Dès lors, M. [ZU] n’avait aucune vocation à remplacer Mme [M], indépendamment du nombre de voix qu’il a reçu lors du vote du 10 juillet 2021. Il n’avait donc pas à être convoqué pour le conseil d’administration litigieux.
Enfin, si les demandeurs font valoir que Mme [M] n’avait pas à être convoquée pour le conseil d’administration, celle-ci est simplement notée comme « excusée », ce qui signifie qu’elle n’y a pas pris part et n’a pas été représentée.
En quatrième lieu, les demandeurs indiquent que le conseil de la vie sociale a un rôle non conforme à la réglementation. Toutefois, ce moyen est inopérant à obtenir l’annulation d’une des délibérations adoptées lors du conseil d’administration litigieux.
En cinquième lieu, les demandeurs sollicitent l’annulation de l’élection des parents au conseil de la vie sociale. Toutefois, la seule délibération adoptée lors du conseil d’administration du 26 octobre 2021 a précisément eu pour objet d’annuler le processus d’élection qui avait été mis en œuvre afin d’organiser de nouvelles opérations électorales.

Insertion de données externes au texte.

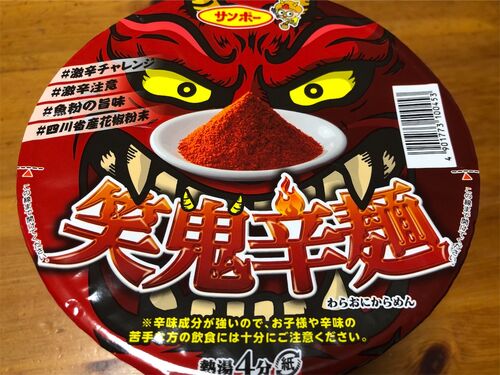 読みに来ていただきありがとうございます。 激辛フードファイタークッキング父ちゃんです。 帰りに寄ったスーパーで見つけちゃったんだけどね。 すげぇ眼力だな。 わかったよ買っていくからさそんなに見るなよ。 本日紹介するのは『笑鬼辛麺』尖ったパッケー…

La demande formée à ce titre est donc sans objet.
Sur l’assemblée générale extraordinaire du 28 décembre 2021
Les demandeurs invoquent la tardiveté de la convocation et l’irrégularité de celle-ci, le caractère incomplet des documents transmis avant l’assemblée, l’impossibilité de vérifier le quorum et les procurations, l’absence de rédaction d’un procès-verbal.
Les défendeurs opposent qu’il n’est justifié d’aucune des irrégularités invoquées.
Appréciation du tribunal,
Le tribunal commencera part examiner le troisième moyen invoqué par les demandeurs, relatif aux pouvoirs.
Il résulte du procès-verbal du 28 décembre 2021 (pièce en défense n°10) que dix personnes ont été représentées en ayant établi une procuration.
Néanmoins, la consultation des dix procurations jointes à la feuille d’émargement (pièce n°17 en défense) permet de constater que sept personnes ont rempli une procuration sans indiquer à qui ils donnaient un pouvoir.
Lors de la seule délibération votée à cette assemblée ont été exprimées 26 voix : 17 pour / 8 contre /1 nul. Cela signifie qu’ont été pris en compte les votes des 16 personnes présentes et des 10 personnes ayant rempli une procuration, dont les sept qui n’avaient pas mentionné la personne à qui ils donnaient leur pouvoir.
Les défendeurs ne précisent aucunement de quelle manière ces procurations dites « en blanc » ont été remises à certains des parents.
Il s’ensuit que ces sept procurations n’auraient pas dû être attribuées à des personnes présentes.
Compte tenu du nombre très significatif de voix irrégulièrement exprimées par rapport au nombre de votants, et du caractère manifestement arbitraire de l’affectation des pouvoirs, il doit être jugé que la prise en compte de ces voix a modifié la sincérité de l’ensemble de l’assemblée générale, particulièrement de la seule délibération litigieuse adoptée lors de cette assemblée (délibération n°14/2021).
Par conséquent, cette délibération sera annulée.
Ce faisant, les autres moyens développés à ce titre par les demandeurs sont sans objet et ne seront pas examinés.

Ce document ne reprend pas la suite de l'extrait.